Still, even Shalom acknowledged that the world will not be satisfied if Israel gives up nothing beyond Gaza.

“For the long-term, Israel will be asked to make more concessions,” he told a group of Jewish journalists Monday.

Nevertheless, both Israeli government insiders and American Jewish leaders say the pullout has provided cover for moderate Muslim nations to inch closer to Israel and the American Jewish community.

“The withdrawal from Gaza gave us a good opportunity, but it’s a better opportunity for the Muslim side,” said Ilan Ostfeld, senior adviser to Shalom. “They wanted always to do it undercover, but now they can say, ‘There has been a result.’ “

Tunisia’s foreign minister seemed to acknowledge as much in a short interview with JTA before an appearance with the World Jewish Congress.

“It is psychologically and politically a very important step,” Abdallah Abdelwaheb said through a translator. “It’s very important for peace and stability in the region.”

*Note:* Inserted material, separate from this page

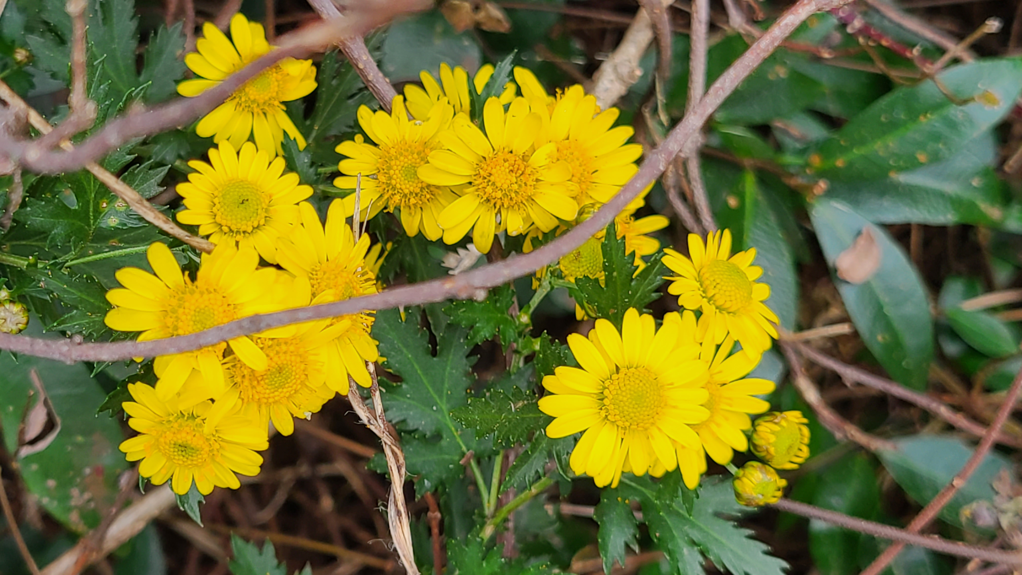 여기저기 노랗게 익어가는 감귤밭을 바라보며 길을 걸어 군산오름에 오른다.

Malcolm Hoenlein, executive vice chairman of the Conference of Presidents of Major American Jewish Organizations, said the Muslim move toward Israel already had been slowly under way. .

“This process began before disengagement,” he said. “I think many of them are tired of being exploited by the Palestinians” into making political moves that are costly to them.

Jewish organizations met and are continuing to meet dozens of world leaders, including the presidents of Senegal, Ukraine, Romania, Serbia, Bulgaria and Poland, among others.

The WJC met with the president of Senegal, which chairs the U.N. Committee on the Exercise of the Inalienable Rights of the Palestinian People. Shai Franklin, the WJC’s director of international organizations, called the meeting “friendly and candid.”

Groups also met with the prime ministers of Turkey and India, among other places, and the foreign minsters of Egypt, Cyprus, France, Azerbaijan, Tunisia, Spain and Russia.

The Cypriot foreign minister, George Iacovou, was described as extremely knowledgeable about Israel’s political history, and Cyprus’ ambassador to the United States speaks Hebrew from a posting in Israel.

The meeting with Russian Foreign Minster Sergei Lavrov was described as relatively testy, according to several people with knowledge of it.

Lavrov offered unsatisfactory answers “dealing with issues related to Iran’s nuclear program and Hamas’ participation in elections,” Hoenlein said.

Meetings also were scheduled with the foreign ministers of Malaysia, Morocco and Vietnam.

Though they didn’t always get the answers they wanted on issues from anti-Israel incitement to Palestinian Authority elections to Iran, those involved said the meetings provided an important opportunity to air their views and understand the positions of their interlocutors.

“There definitely has been, for many of these countries, positive movement over the last year as a result of these meetings,” said Amy Goldstein, director of U.N. affairs for B’nai B’rith International. “Many of these countries value these meetings and their access to the American Jewish community.”

Members of the American Jewish Committee had meetings planned with leaders from nearly 70 countries. Among them were about half the members of the Arab League, according to David Harris, the AJCommittee’s executive director.

Other groups who took part in meetings include the American Israel Public Affairs Committee, the anti-Defamation League, the Claims Conference and NCSJ: Advocates on Behalf of Jews in Russia, Ukraine, the Baltic States & Eurasia.

Perhaps the most prominent of the encounters was Musharraf’s address to American Jewish leaders at an event sponsored by the American Jewish Congress’ Council for World Jewry.

Musharraf said Pakistan could not open full diplomatic relations with Israel until the Palestinians had a state, and blamed a significant portion of world terrorism on the Israeli-Palestinian conflict.

But he also praised Sharon for the Gaza pullout and insisted that terrorism “cannot be condoned for any cause.”

His mere presence before a Jewish audience, broadcast on Pakistani television, earned praise from both Jews and Pakistanis who attended Saturday night’s event.

“Pakistan’s coming out of the closet, going from behind-the-scenes contacts to a public event, is an important step and I think it may prompt others to follow suit — over time, not overnight,” Harris said.